TYLER, Texas (KLTV) - On Monday evening, Robert Denton was crossing State Highway 154 to get his mail.
“He was walking across the street to the mailbox and tripped and fell and was knocked unconscious,” said Cindy Guyon, Robert’s daughter. “The first car, luckily, saw him fall, but the second car was angry because she slammed on her brakes and he flew around her.”
Guyon saw the incident happen and said they’ve been trying to get the mailboxes on their street moved for a while now.
“We’ve tried to get the mailboxes moved, but they aren’t interested unless they took a petition,” said Guyon. “He asked for all the mailboxes on this side to be moved, but the post office said a petition would be the only way to do it.”
She posted on Facebook about the incident and learned of many others on the same highway having the same issues; including Debra and Eddie Strachan.
“He walked up the hill and fell right in the middle of the road,” said Debra. “Fortunately, he wasn’t unconscious or anything, he was able to get himself up before any traffic came through.”
Debra said they’ve both gotten notes of medical hardship from their doctors requesting the mailboxes be moved to their side of the highway and given them to the post office.
But, they said nothing has been done for almost two years.
“If that is a possibility, which it must be, why can’t a carrier go up one side and down the other and if that can’t be done I don’t understand why the hardship case has to take so long and why it’s not being acted upon,” said Debra. “We’ve gone through their process, what they’ve requested and they haven’t acted on it.”

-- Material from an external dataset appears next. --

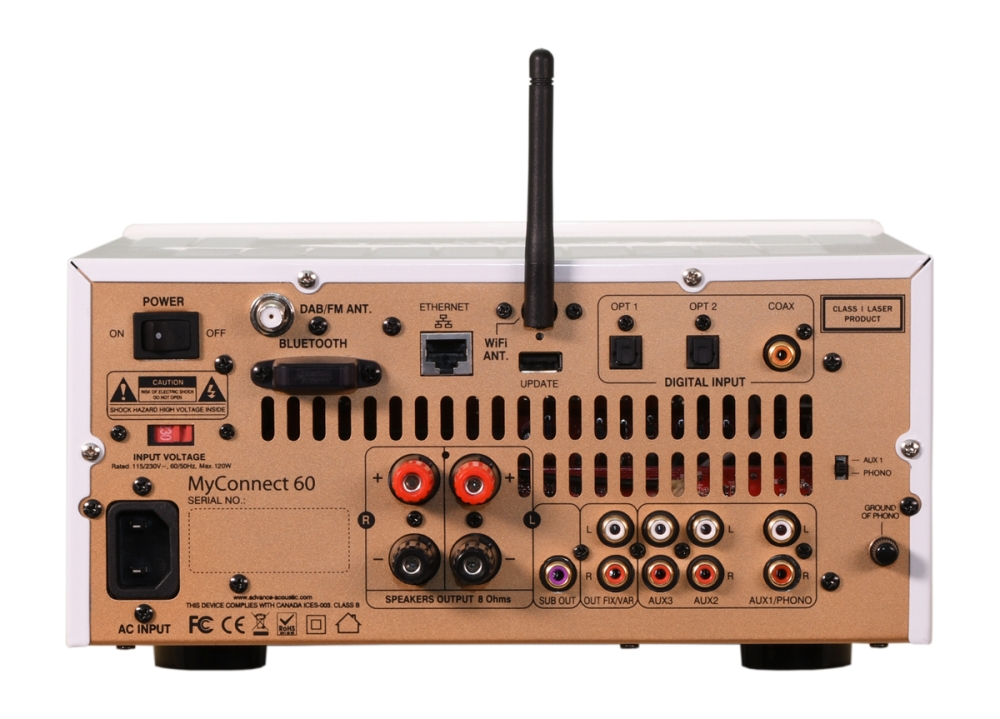 Mit drei analogen Aux-Eingängen können externe analoge Quellen, wie z.B. ein Plattenspieler mit MM-Tonabnehmer, mühelos angeschlossen werden. Der interne D/A-Wandler ist mit einem Wolfson WM8740 Chip ausgestattet und unterstützt hohe Auflösungen von bis zu 24 Bit/192 kHz. Damit verfügt der MyConnect 60 über drei digitale Eingänge, einen koaxialen und zwei optische, an die zum Beispiel ein Fernseher angeschlossen werden kann. Die Steuerung der Advance Playstream-Funktionen erfolgt ganz einfach über eine App für Android und iOS, die für Tablet und Smartphone verfügbar ist. Für andere Funktionen steht eine praktische IR-Fernbedienung zur Verfügung, mit der auch Radiosender gespeichert werden können.

In February of last year, Debra’s next door neighbor died while crossing to get the mail.
“Bella and I had gone to the end of the driveway so she could check the mail and she got out of the truck to check the mail,” said Deanna Smith, Debra’s nest-door neighbor. “She never looked and she was hit by a car.”

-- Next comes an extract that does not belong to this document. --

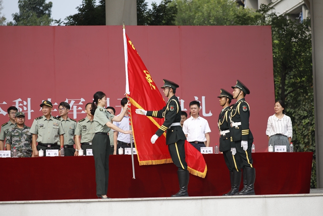 包麗穎代表學(xué)校黨委向航天工程大學(xué)全體承訓(xùn)教官表示感謝,并對(duì)參訓(xùn)學(xué)員提了三點(diǎn)希望:一是希望同學(xué)們能苦學(xué)軍事本領(lǐng),傳承報(bào)黨報(bào)國(guó)初心,讓美好青春洋溢家國(guó)夢(mèng)想;二是希望同學(xué)們磨煉意志品質(zhì),勇于面對(duì)困難與挑戰(zhàn),勇扛責(zé)任擔(dān)當(dāng);三是希望同學(xué)們養(yǎng)成良好作風(fēng),培養(yǎng)健康興趣愛好,在博采眾長(zhǎng)中健康快樂成長(zhǎng)。包麗穎強(qiáng)調(diào)全體學(xué)員要以軍訓(xùn)為契機(jī),立鴻鵠志、修精工學(xué)術(shù)、尋創(chuàng)新之道、擔(dān)復(fù)興大任,以拳拳愛國(guó)心、殷殷報(bào)國(guó)志,展現(xiàn)當(dāng)代大學(xué)生的青春風(fēng)采。隨后,包麗穎向軍訓(xùn)旅授旗,軍訓(xùn)旅旅長(zhǎng)張智強(qiáng)接旗。

Smith said no one was really at fault in her daughter’s death, so it was forgivable, but she said often it isn’t an accident.
“We can’t predict what the person driving the car is doing and we go to cross that road and somebody isn’t paying attention it puts our lives in jeopardy,” said Smith. “So, I wish and hope they can do something to protect that.”
Smith said she understands moving the mailboxes may add some extra work to the mail carriers, but she hopes the post offices will prioritize the safety of the homeowners.
Guyon said she and her family are going to start a petition to have the mailboxes moved by their house in Big Sandy.
Debra and her husband plan to go to their congressman next, if the petition doesn’t help out.